■ Task to complete ■
When a picture appears in the listing, leave it out and copy the rest exactly as it stands.

■ Data block ■

=== Section Start ===

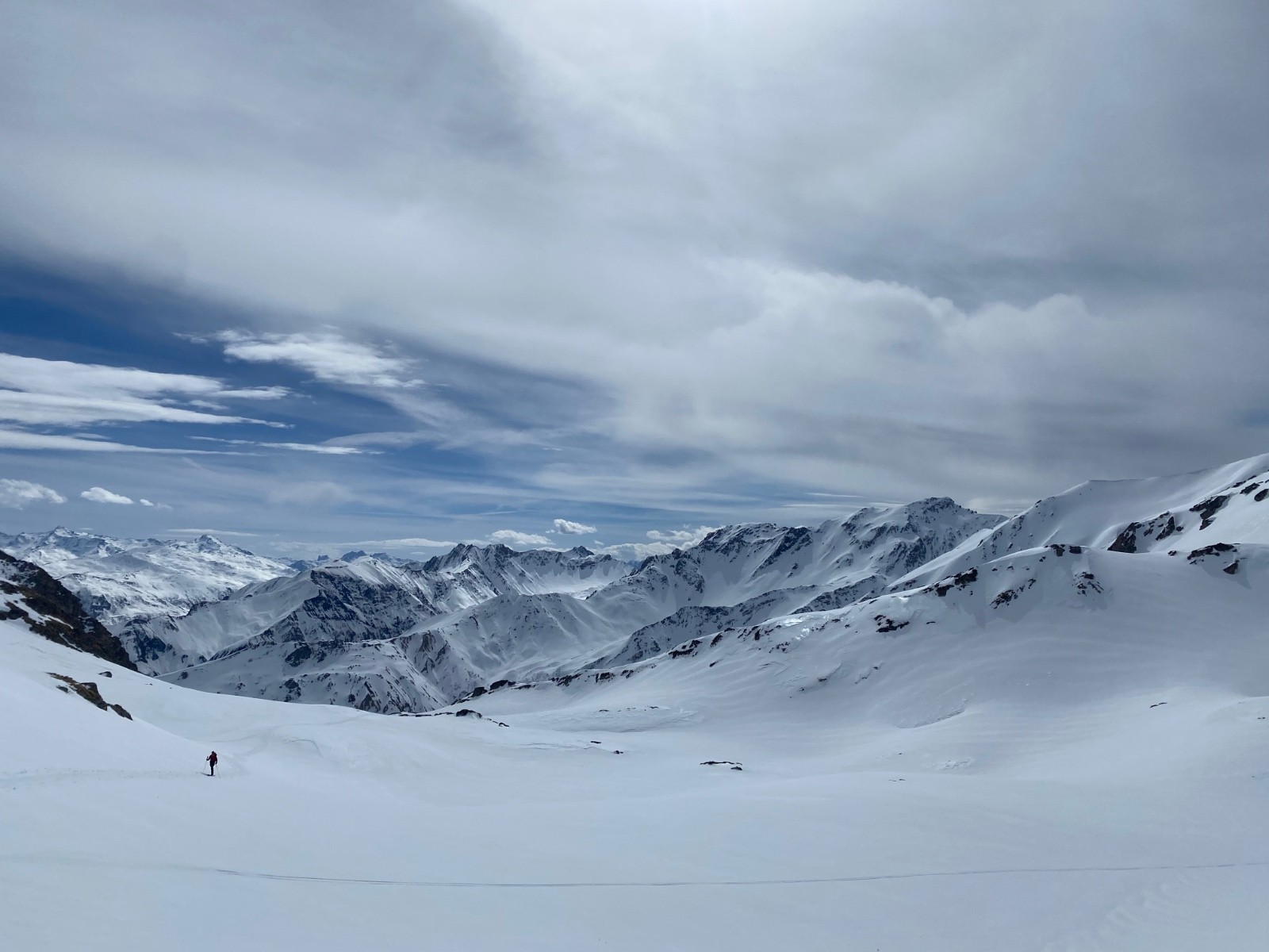 Descente bien agréable et neige de printemps jusqu’à environ 2000m vers le chalet de la Platiere.
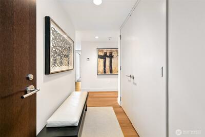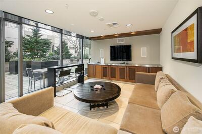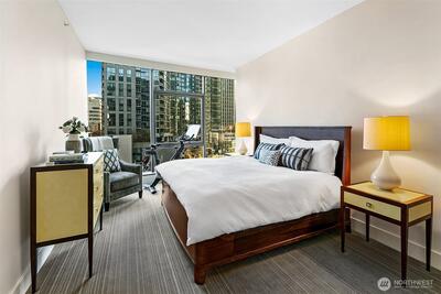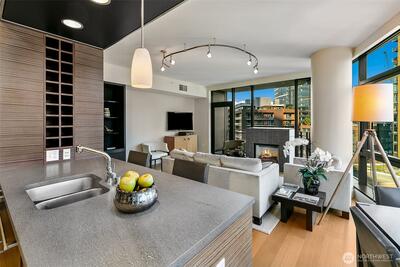 Convenience, luxury and quality define this updated corner 2 bedroom at Enso in the heart of South Lake Union. This fully furnished turn-key condominium with custom designer furniture included, wide plank oak floors, custom lighting, and clever built-ins fulfill city living dreams. High ceilings with a dramatic curved wall of windows wrap the southeast corner providing a jewel box of light with city and Lake Union views from inside and out with a private balcony to expand your living outdoors. Open living layout with a gas fireplace to cozy up and a display kitchen to show off your skills. 2 spacious bedrooms with a 5-piece ensuite bath and huge walk-in closet in the primary. Find your urban respite in this comfortable and contemporary community with full time facility manager and concierge staff, fitness center, community rooms, deck with bbqs, guest suite and a well managed HOA. Two parking spaces and storage included. LEED Gold Certified concrete and steel building. Whole Foods, res
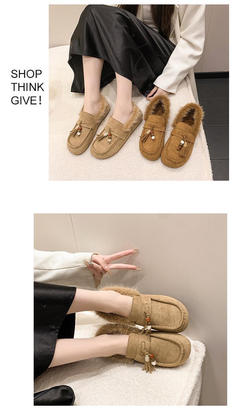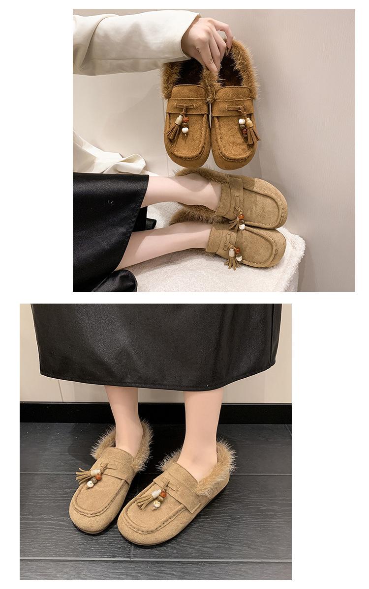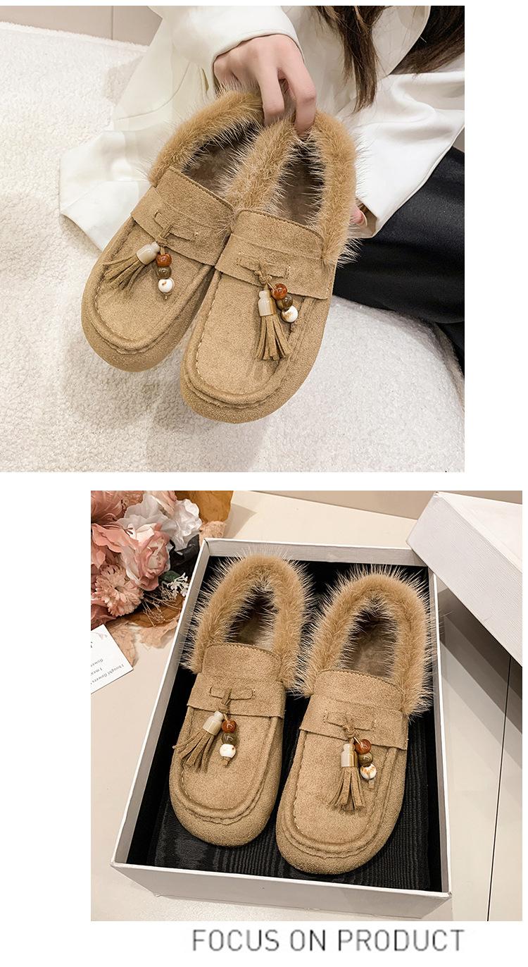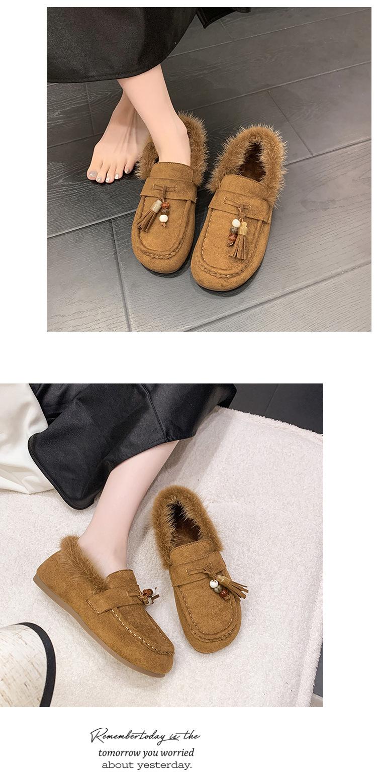 Mocassins slip-on de camurça sola macia outono 2025 feminino novo borla com miçangas moda versátil sapatos de algodão

=== Section End ===

■ Response box ■
 Descente bien agréable et neige de printemps jusqu’à environ 2000m vers le chalet de la Platiere.
 Convenience, luxury and quality define this updated corner 2 bedroom at Enso in the heart of South Lake Union. This fully furnished turn-key condominium with custom designer furniture included, wide plank oak floors, custom lighting, and clever built-ins fulfill city living dreams. High ceilings with a dramatic curved wall of windows wrap the southeast corner providing a jewel box of light with city and Lake Union views from inside and out with a private balcony to expand your living outdoors. Open living layout with a gas fireplace to cozy up and a display kitchen to show off your skills. 2 spacious bedrooms with a 5-piece ensuite bath and huge walk-in closet in the primary. Find your urban respite in this comfortable and contemporary community with full time facility manager and concierge staff, fitness center, community rooms, deck with bbqs, guest suite and a well managed HOA. Two parking spaces and storage included. LEED Gold Certified concrete and steel building. Whole Foods, res
 Mocassins slip-on de camurça sola macia outono 2025 feminino novo borla com miçangas moda versátil sapatos de algodão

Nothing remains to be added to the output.